[Recorded data]
————
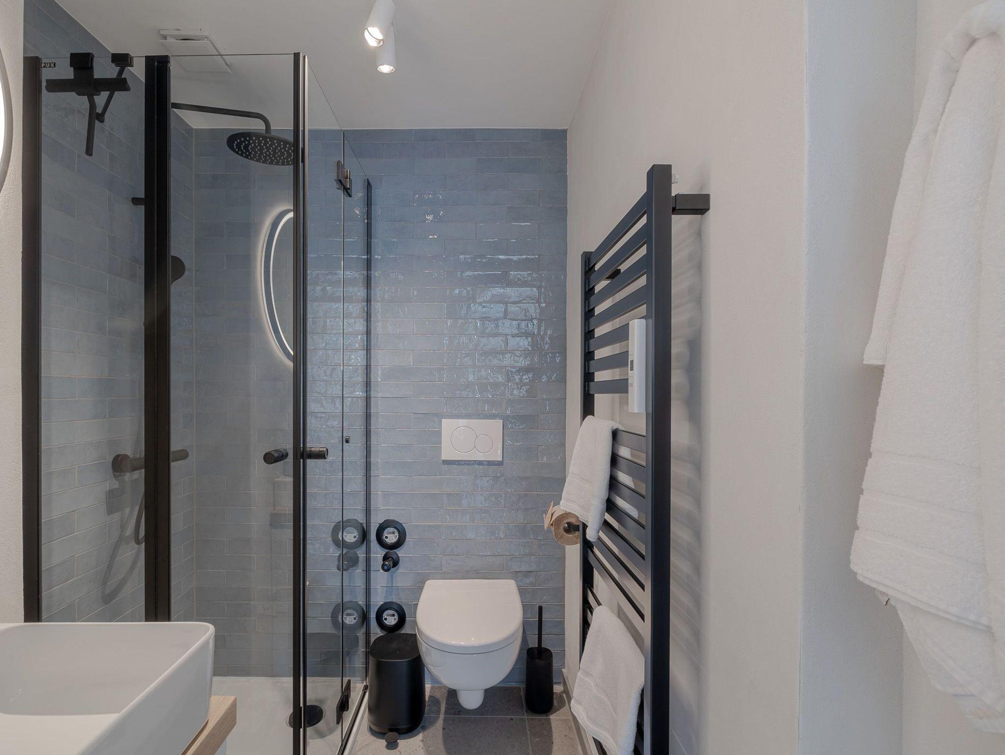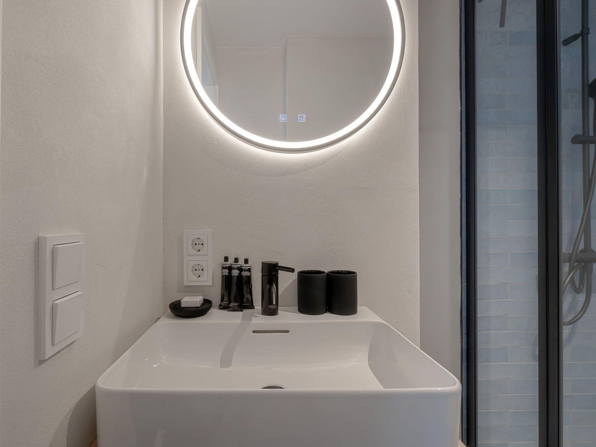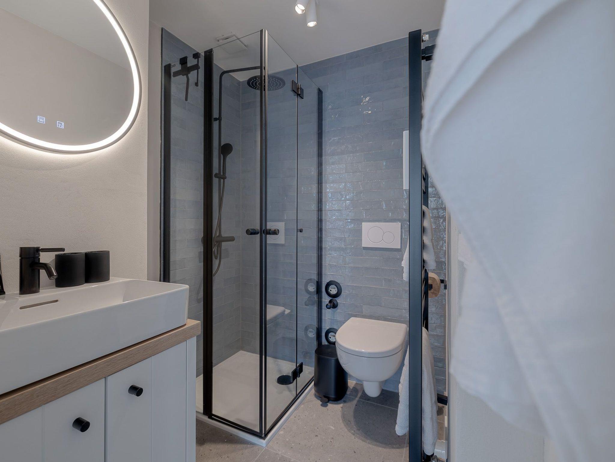 Ihre kleine Wellnessoase, das Bad, ist von hier aus ebenfalls erreichbar. Starten Sie frisch und gut gelaunt den neuen Tag, indem Sie die große, prickelnde Regendusche genießen. Sollte es mal kühler auf unserer Insel sein, kein Problem: die Fußbodenheizung und der praktische Handtuchwärmer sorgen für wohlige Gefühle.
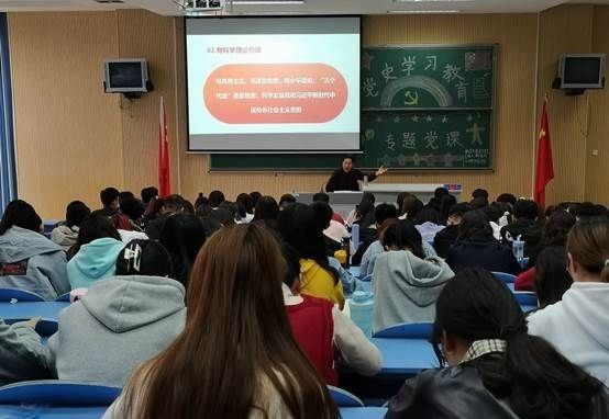 首先杨保河书记从“为什么能够取得中国政权”和“改革开放以来,为什么能取得如此成就”两个问题展开,引出党课主题“中国共产党为什么能”。紧接着,杨书记从远大理想追求、科学理论引领、选贤任能机制、严明纪律规矩、自我革命精神及强大领导能力六个方面向在座参会学生进行详细介绍,让学生们更好地知党、爱党、敬党。正如习近平总书记所说“青年最富有朝气、最富有梦想”,新时代中国青年要树立远大理想、担当时代责任、勇于砥砺奋斗、练就过硬本领、锤炼品德修为,为祖国发展奉献自己的青春力量。就“远大理想追求”这一方面,杨书记提到国家、政党和个人都要有远大理想,作为一名向党积极靠拢的青年学生,要与国家政治决策保持一致,时刻与党的领导看齐,主动服务大局,形成工作合力,不断提升学院整体工作、教学质量和水平。之后杨书记说到,学生党员要始终抓住学习宣传贯彻习近平新时代中国特色社会主义思想这个首要政治任务,紧密结合“不忘初心、牢记使命”主题教育,引导广大学生树牢“四个意识”,坚定“四个自信”,将马克思主义、毛泽东思想、邓小平理论、“三个代表”重要思想、科学发展观和习近平新时代中国特色社会主义思想作为理论引领,坚持正确党史观,提升个人理论水平。党课尾声,全体学生纷纷表示要严格以党员标准要求自己,在今后学业和工作中时刻保持先锋模范作用。
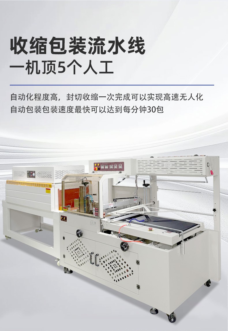 - 工作原理6:通常基于恒温加热技术,先将收缩膜加热至所需温度,然后对已包裹产品的收缩膜进行热封切操作,再将完成封切的产品送入收缩炉内加热,使收缩膜收缩并紧密贴合产品,最后经冷却得到平整美观的包装效果。
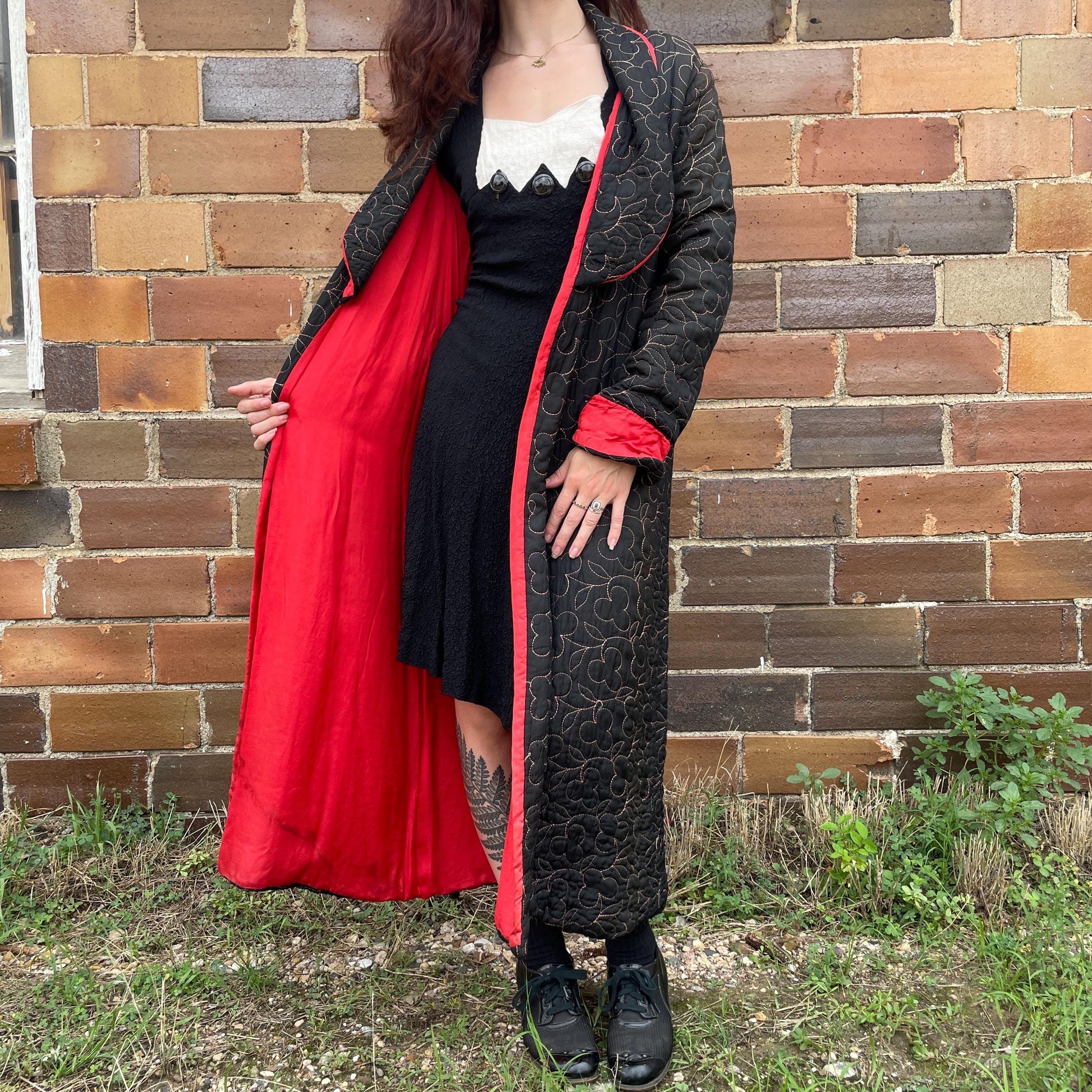 vtg 1940s RED & BLACK ROBE jacket // textured shawl collar red lined gothic house dressing gown embroidered stitched long smoking jacket
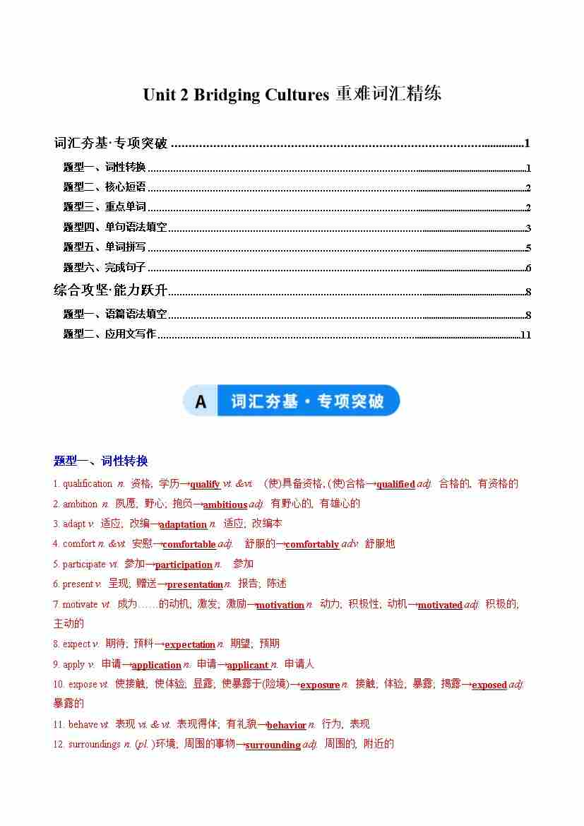 Unit 2 Bridging Cultures(重难词汇精练)(学生版)
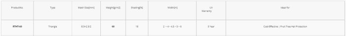 EyouAgroModel RTHT-60 -Triangle Hail Netting
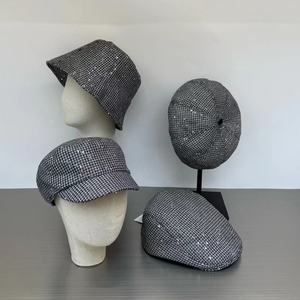小香风亮片前进帽八角帽水桶帽渔夫帽秋季新款显脸小画家帽蓓蕾帽
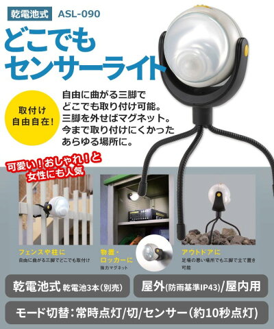 今まで取付けにくかったあらゆる場所に! 自由に曲がる三脚でどこでも取付けできるセンサーライトが登場しました。
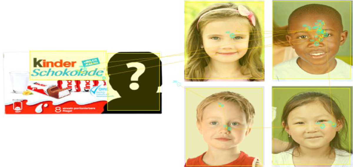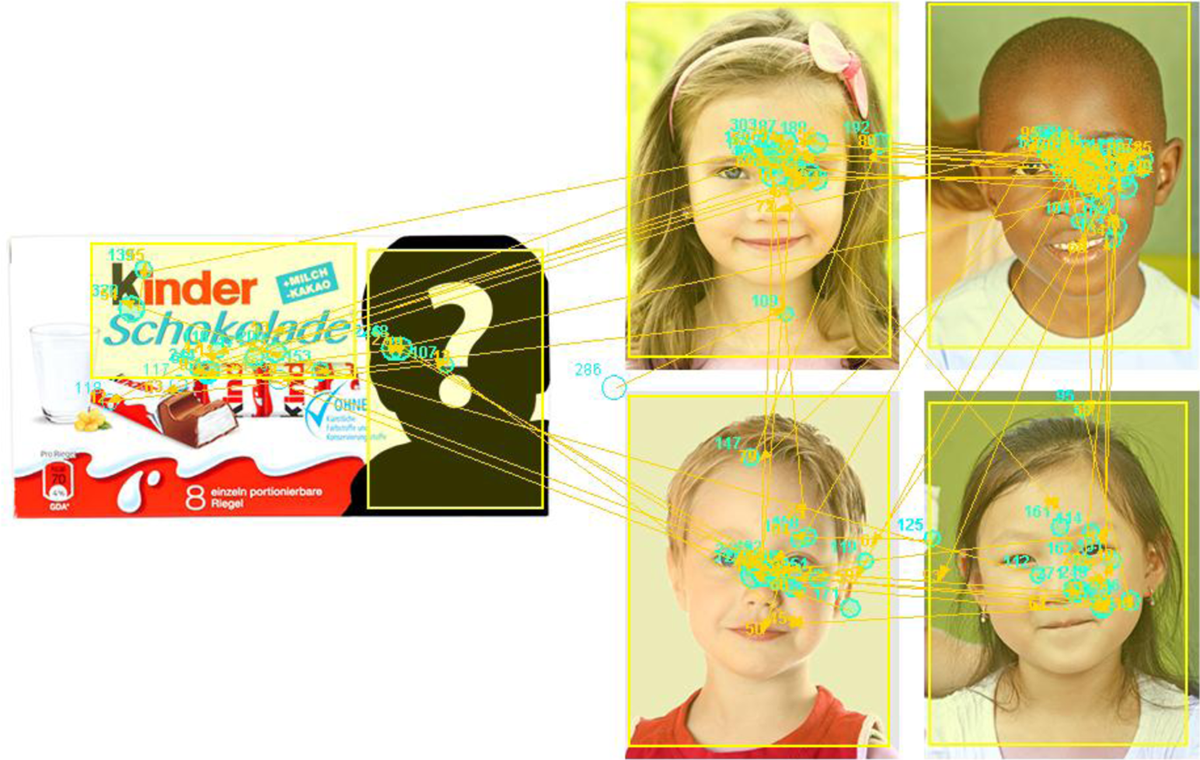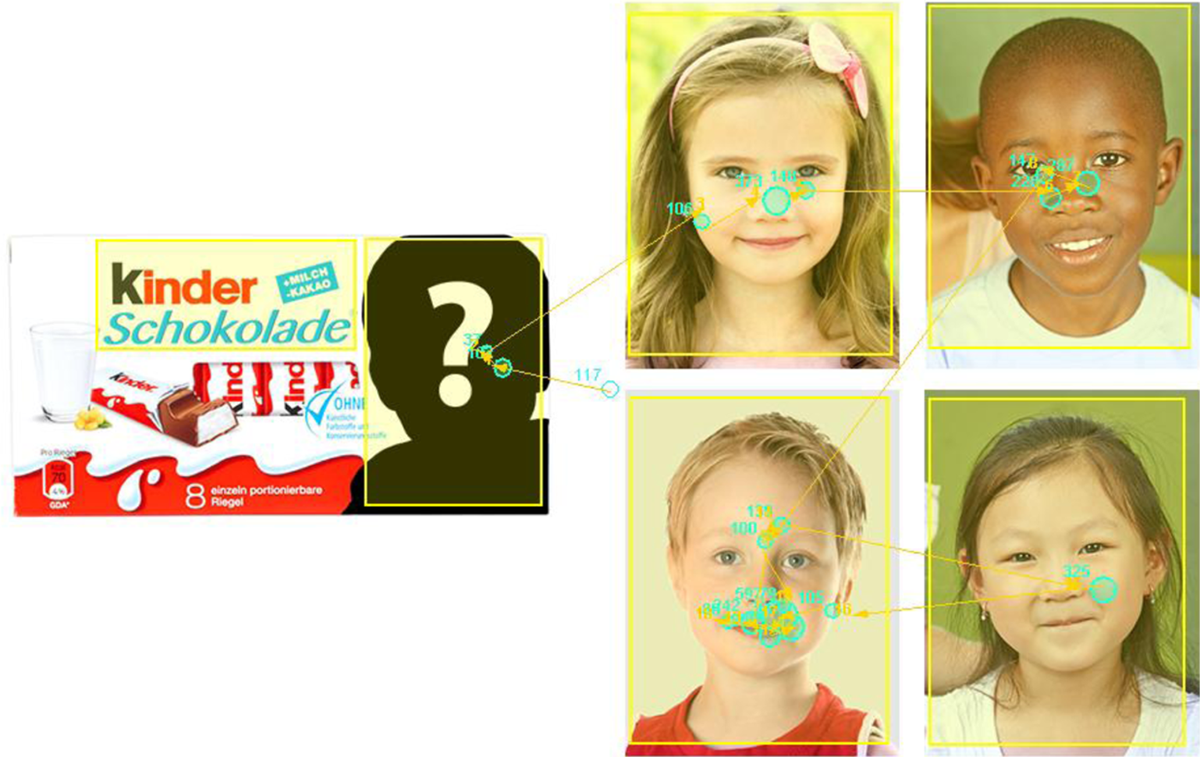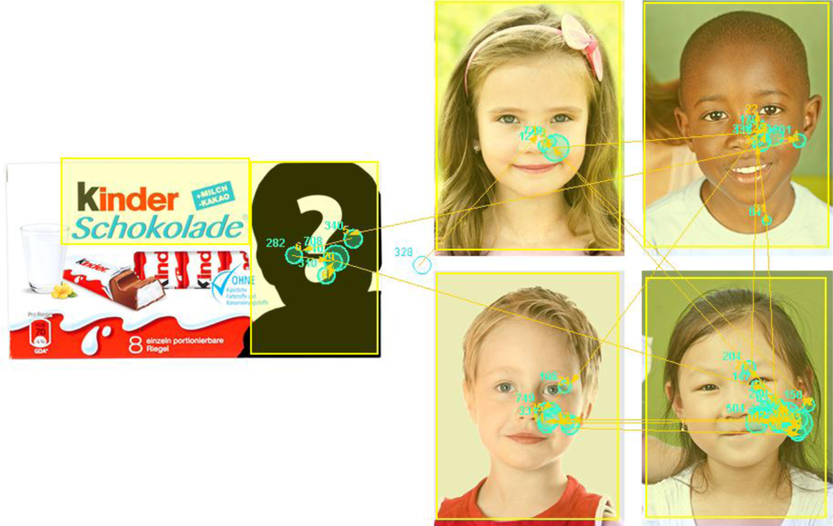 In order to visualise ‘novel ways of seeing’ informed by cultural expertise we provide selected visual data from the perceptual-cognitive pilot (for the entire experiment refer to Breninger, 2020). We present one stimulus from the qualitative pilot study here, to show how one can approach visual data and perceptual change experimentally. For this purpose the infamous Kinder chocolate package has been translated into a visual stimulus of our perceptuo-cognitive pilot. Due to the cultural relevance of this stimulus around the time of the experiment, we hoped to elicit culturalised, affective response styles. In general, Kinder chocolate has faced various challenges of how to ‘modernise and internationalise’ the image of the well-known ‘blonde boy’ on the packaging – dearly loved by generations of dedicated chocolate consumers in Germany and Austria. In 2012 (Ferrero Kinder), for example, the ‘New Face of Ferrero’ competition launched in the UK aimed at featuring different faces on the packaging and create public participation in the difficult face-selection process. This competition was heavily criticised on account of being discriminatory since only white, photogenic children had been chosen as winners and had found themselves depicted on the Kinder chocolate packaging. In 2016 (Ferrero Kinder Face) Kinder chocolate launched another controversial marketing campaign in Germany featuring pictures of children’s faces belonging to the national heroes of the German football team. The Ferrero marketing team was criticised for propagating more subtle forms of racism by sending the meta-message of only ‘tolerating culturally different Kinder faces’ on their packaging as long as they were successful in terms of being beneficial to the German nation.
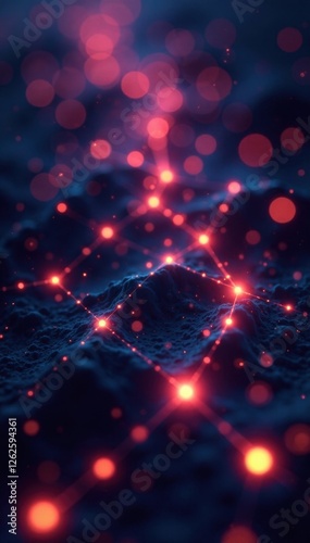 Interconnected glowing dots, complex network structure , matrix, complex, science
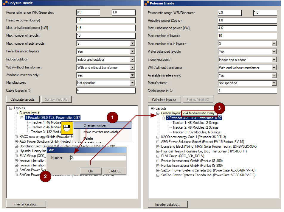 In the inverter selection you can have Polysun Inside calculate and propose possible inverter combination or define them manually. Now it is also possible to copy and reproduce a configured inverter from the calculation (in the previous version...
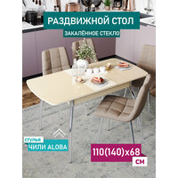 Купить Стол кухонный, Чикаго, стекло бежевое, глянцевое, ноги гнутые хром, гальваника, полуовальный, раскладной, механизм бабочка с доставкой по всей России.
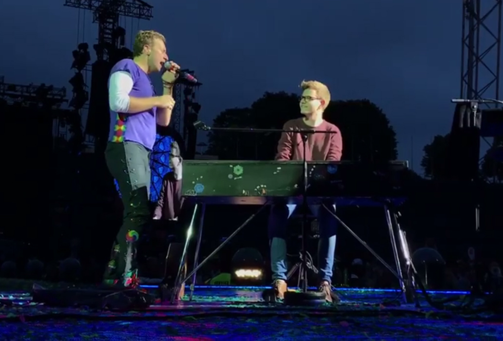 Così il giovane si ritrova a scavalcare le transenne per riuscire a salire sul palco. Chris gli cede il suo posto e, con grande naturalezza, il ragazzo si destreggia al pianoforte, dando prova della sua bravura e stupendo sia il pubblico che lo stesso Martin che, fingendo di andare via, afferma che il ragazzo sarebbe in grado di continuare il concerto anche da solo. Appena la voce di Martin e il suono del pianoforte si uniscono, i fan impazziscono e cominciano a cantare, diventando parte essenziale dell’esibizione. Durante la performance, i due si sorridono e si crea una perfetta sintonia, quasi come se si conoscessero già; riescono a seguirsi a vicenda, adeguando la musica alla necessità dell’altro. Il ragazzo appena salito sul palco sembra essere totalmente a suo agio e suona perfettamente una delle canzoni più famose dell’album, “A Head full of Dreams“, con cui il gruppo britannico si aggiudica il terzo posto tra i concerti che hanno incassato di più nel 2016.
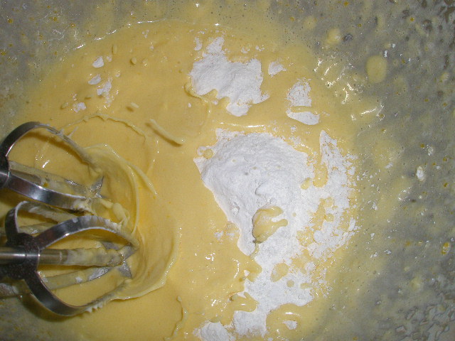 4.1の粉を広げて加え、ハンドミキサーの低速で、ダマが残らないように混ぜる。(15秒ほど)
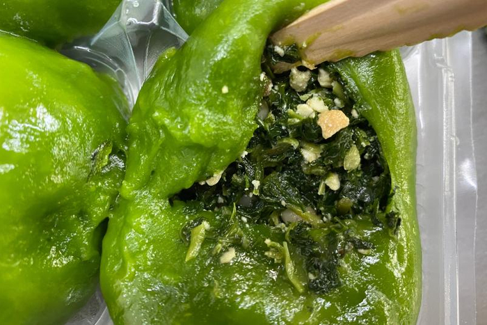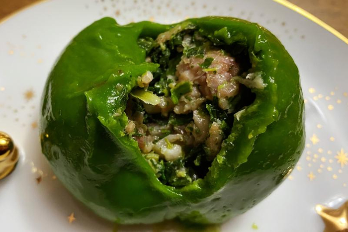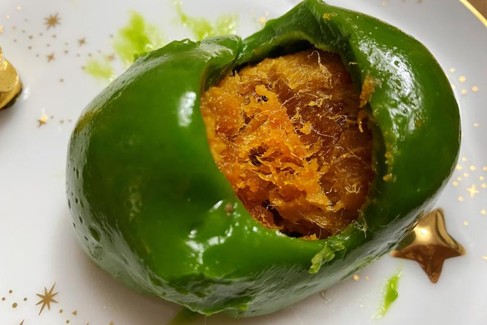 解放日报·上观新闻记者在新雅后厨看到,鸡骨、排骨、火腿等熬制一天一夜后,浓稠并泛着金黄色,这是佛跳墙馅的“金汤”;海参、鲍鱼、鱼唇、火腿等预处理后切丁,与金汤混合,冷冻成半凝固状,作为馅料。蒸熟后,一口咬下去,皮、馅分明,金汤流淌,海参等原料粒粒口感清晰。
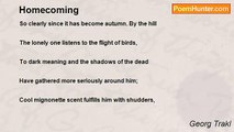 Memory, buried hope <br /> <br />Is preserved by this brown timber, <br /> <br />Dahlias hang over it <br /> <br />Ever more silent homecoming, <br /> <br />The dark reflection of childish years <br /> <br />By the decayed garden, <br /> <br />That tears fall from blue eyelids <br /> <br />Irresistibly; <br /> <br />Gloom's crystalline minutes <br /> <br />Gleam over <br /> <br />To the night.<br /><br />Georg Trakl<br /><br />http://www.poemhunter.com/poem/autumnal-homecoming/
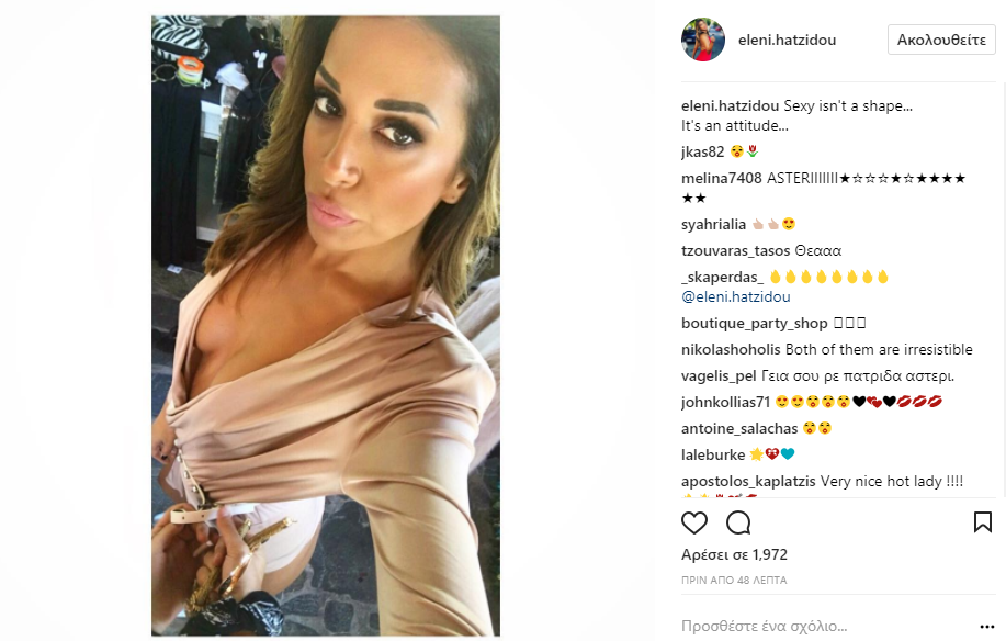 “Σέξι δεν είναι ένα σώμα. Είναι μια συμπεριφορά” έγραψε ως λεζάντα η Ελένη Χατζίδου.
————
Print nothing except the lines above from the one containing "EyouAgroModel RTHT-60 -Triangle Hail Netting" down to the one containing "In order to", both included, exactly as written and free of pictures.

_Expected answer:_
 EyouAgroModel RTHT-60 -Triangle Hail Netting
小香风亮片前进帽八角帽水桶帽渔夫帽秋季新款显脸小画家帽蓓蕾帽
 今まで取付けにくかったあらゆる場所に! 自由に曲がる三脚でどこでも取付けできるセンサーライトが登場しました。
 In order to visualise ‘novel ways of seeing’ informed by cultural expertise we provide selected visual data from the perceptual-cognitive pilot (for the entire experiment refer to Breninger, 2020). We present one stimulus from the qualitative pilot study here, to show how one can approach visual data and perceptual change experimentally. For this purpose the infamous Kinder chocolate package has been translated into a visual stimulus of our perceptuo-cognitive pilot. Due to the cultural relevance of this stimulus around the time of the experiment, we hoped to elicit culturalised, affective response styles. In general, Kinder chocolate has faced various challenges of how to ‘modernise and internationalise’ the image of the well-known ‘blonde boy’ on the packaging – dearly loved by generations of dedicated chocolate consumers in Germany and Austria. In 2012 (Ferrero Kinder), for example, the ‘New Face of Ferrero’ competition launched in the UK aimed at featuring different faces on the packaging and create public participation in the difficult face-selection process. This competition was heavily criticised on account of being discriminatory since only white, photogenic children had been chosen as winners and had found themselves depicted on the Kinder chocolate packaging. In 2016 (Ferrero Kinder Face) Kinder chocolate launched another controversial marketing campaign in Germany featuring pictures of children’s faces belonging to the national heroes of the German football team. The Ferrero marketing team was criticised for propagating more subtle forms of racism by sending the meta-message of only ‘tolerating culturally different Kinder faces’ on their packaging as long as they were successful in terms of being beneficial to the German nation.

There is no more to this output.